First the data connection drops sometimes and won't come back without a reboot.

Second when using google music or last.fm, through Bluetooth in car, I get skips in music. I hope someone else gets these or else I gotta return it :-(
Sent from my DROID BIONIC using Tapatalk


----------



## moondrius (Jun 23, 2011)

My data connection was a little funny for the first half hour after it was activated but its been fine since then. Both 3g and 4g work well. As for the bluetooth I will have to get back to you on that. I have not driven much in the last couple days but I will let you know when I test it.


----------



## idefiler6 (Sep 3, 2011)

Have not had either issue, but Phydo your second issue is probably directly related to the first.


----------



## adroidman (Jun 29, 2011)

I will drop 3G and it will be a few mins before 4G comes back. I've been using google music and pandora with no problems.

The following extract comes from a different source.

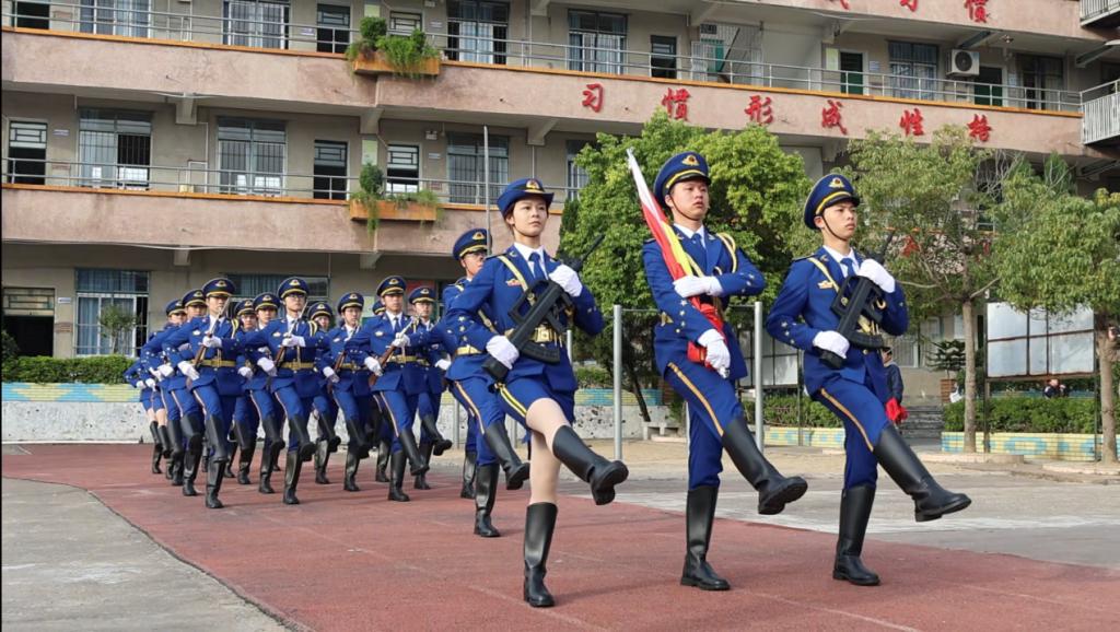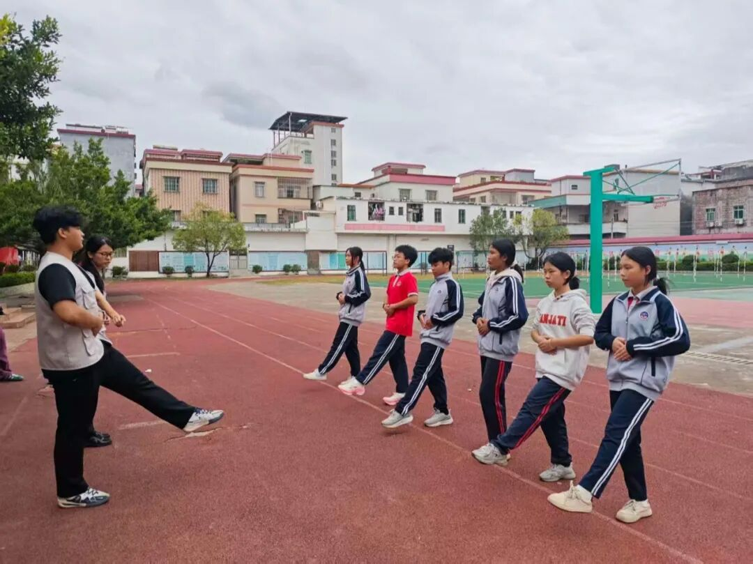 自2024年首次携手,两校国护队结下深厚情谊。2025 年9月,在双方党组织的结对衔接下,云浮校区国护队员利用课余时间轮流为中学2025级新队员开展为期两周的系统训练。从站姿、齐步、正步的基础规范,到执旗、展旗、升旗的专业流程,队员们逐一细致拆解、以身示范,手把手传授技能。夕阳下的操场,大学生的严谨专注与中学生的坚毅执着相映成辉,汗水浸透的制服里,承载着对国旗的敬畏和热爱,传递着新时代青年的责任担当。

Sent from my DROID BIONIC using RootzWiki Forums


----------



## phydo (Jun 7, 2011)

idefiler6 said:


> Have not had either issue, but Phydo your second issue is probably directly related to the first.


Well even when the connection is solid and the song is fully buffered it skips.

Sent from my DROID BIONIC using Tapatalk


----------



## phydo (Jun 7, 2011)

adroidman said:


> I will drop 3G and it will be a few mins before 4G comes back. I've been using google music and pandora with no problems.
> 
> Sent from my DROID BIONIC using RootzWiki Forums


Do you use it over Bluetooth because that's the only time it skips for me

Sent from my DROID BIONIC using Tapatalk


----------



## phydo (Jun 7, 2011)

Just to update you on this, but I switched my battery profile in settings - battery to performance from nighttime and it seems to have fixed the issues

Sent from my DROID BIONIC using Tapatalk


----------



## moondrius (Jun 23, 2011)

I did try out google music and bluetooth to my cars head unit and the audio quality was way better then any other device I have used with it. No issues with it at all.


----------



## ANDROID JUNKY (Sep 11, 2011)

nop havent had either issue


----------



## DroidModderX (Jun 9, 2011)

My only issue was when i mirror hdmi it freezes after about 30 minutes... example i mirrored espn3.com to watch fsu game..30 minutes in it froze and the phone was super hot.. i was on wifi not 4g so it wasnt the dataconnection.. i had to backout and load the page over again then it worked for about 20 minutes... also voices were out if sync... i really wish hdmi mirroring worked flawlessly its my favorite feature!


----------